=== Begin Enclosure ===

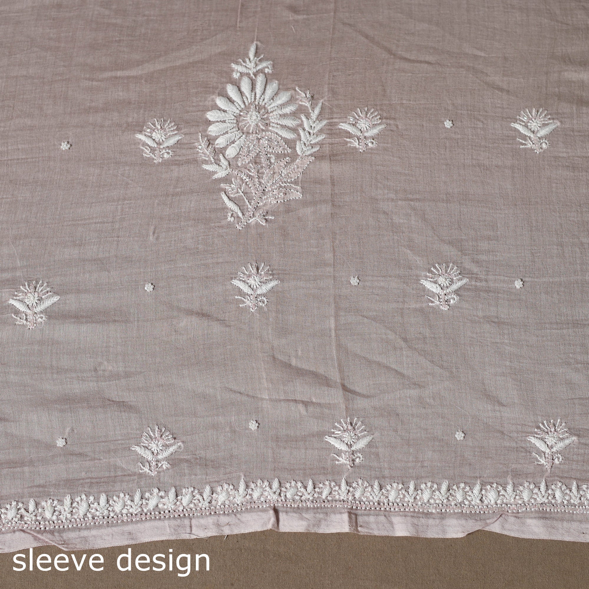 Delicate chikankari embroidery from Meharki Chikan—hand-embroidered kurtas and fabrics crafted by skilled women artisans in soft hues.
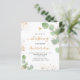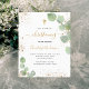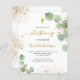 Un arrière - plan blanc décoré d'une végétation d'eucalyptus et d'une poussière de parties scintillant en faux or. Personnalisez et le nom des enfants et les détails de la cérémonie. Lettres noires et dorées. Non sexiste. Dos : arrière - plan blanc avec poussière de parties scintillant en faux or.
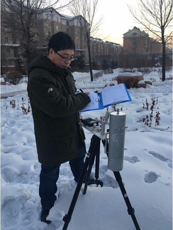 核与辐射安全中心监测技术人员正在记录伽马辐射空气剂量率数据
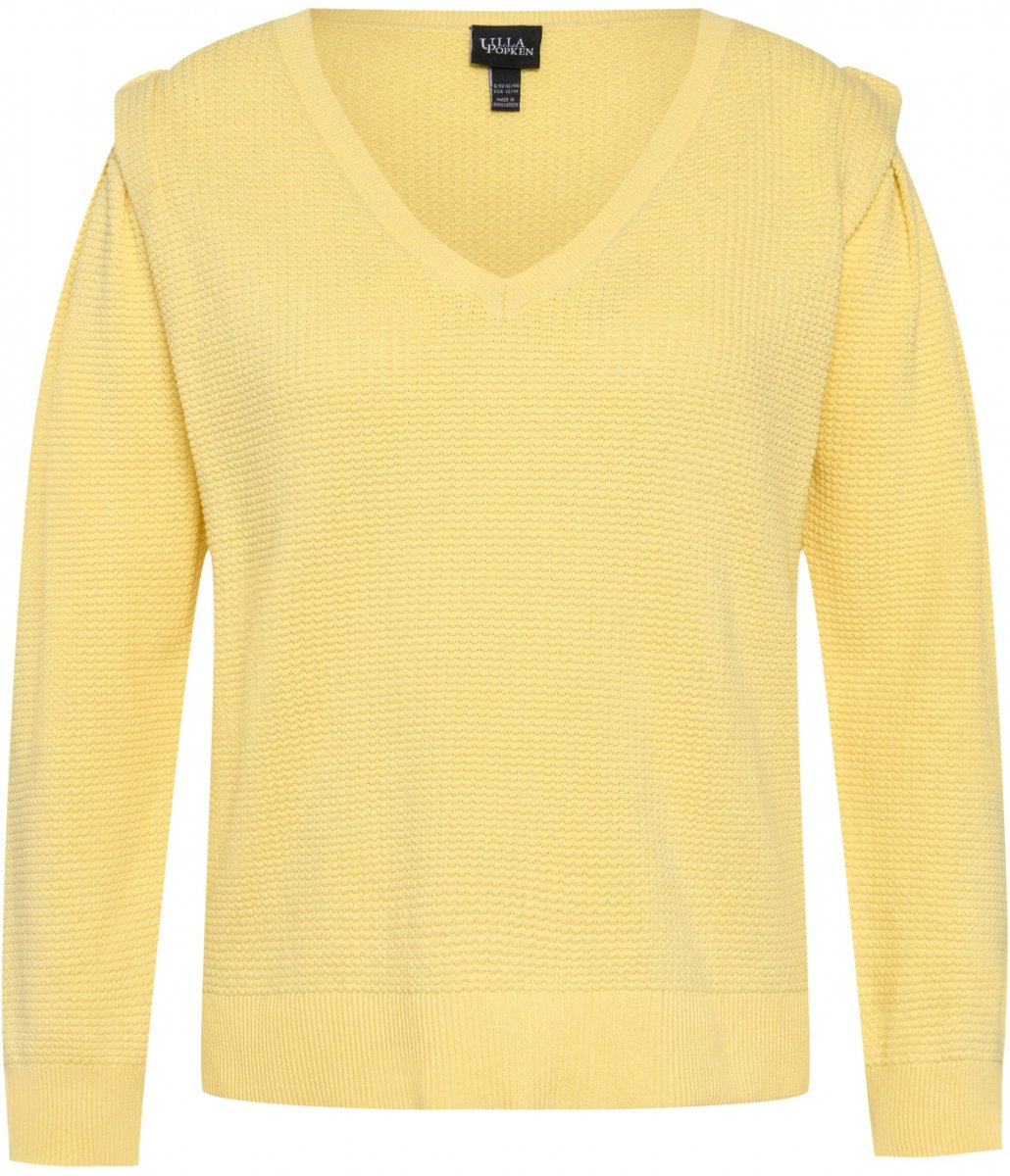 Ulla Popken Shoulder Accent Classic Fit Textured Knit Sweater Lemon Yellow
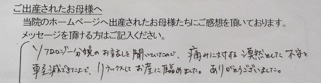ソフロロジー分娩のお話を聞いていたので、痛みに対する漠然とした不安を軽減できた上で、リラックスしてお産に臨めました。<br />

=== End Enclosure ===

Everything in the entries above should be transcribed exactly, apart from the pictures.

 Delicate chikankari embroidery from Meharki Chikan—hand-embroidered kurtas and fabrics crafted by skilled women artisans in soft hues.
 Un arrière - plan blanc décoré d'une végétation d'eucalyptus et d'une poussière de parties scintillant en faux or. Personnalisez et le nom des enfants et les détails de la cérémonie. Lettres noires et dorées. Non sexiste. Dos : arrière - plan blanc avec poussière de parties scintillant en faux or.
 核与辐射安全中心监测技术人员正在记录伽马辐射空气剂量率数据
 Ulla Popken Shoulder Accent Classic Fit Textured Knit Sweater Lemon Yellow
ソフロロジー分娩のお話を聞いていたので、痛みに対する漠然とした不安を軽減できた上で、リラックスしてお産に臨めました。<br />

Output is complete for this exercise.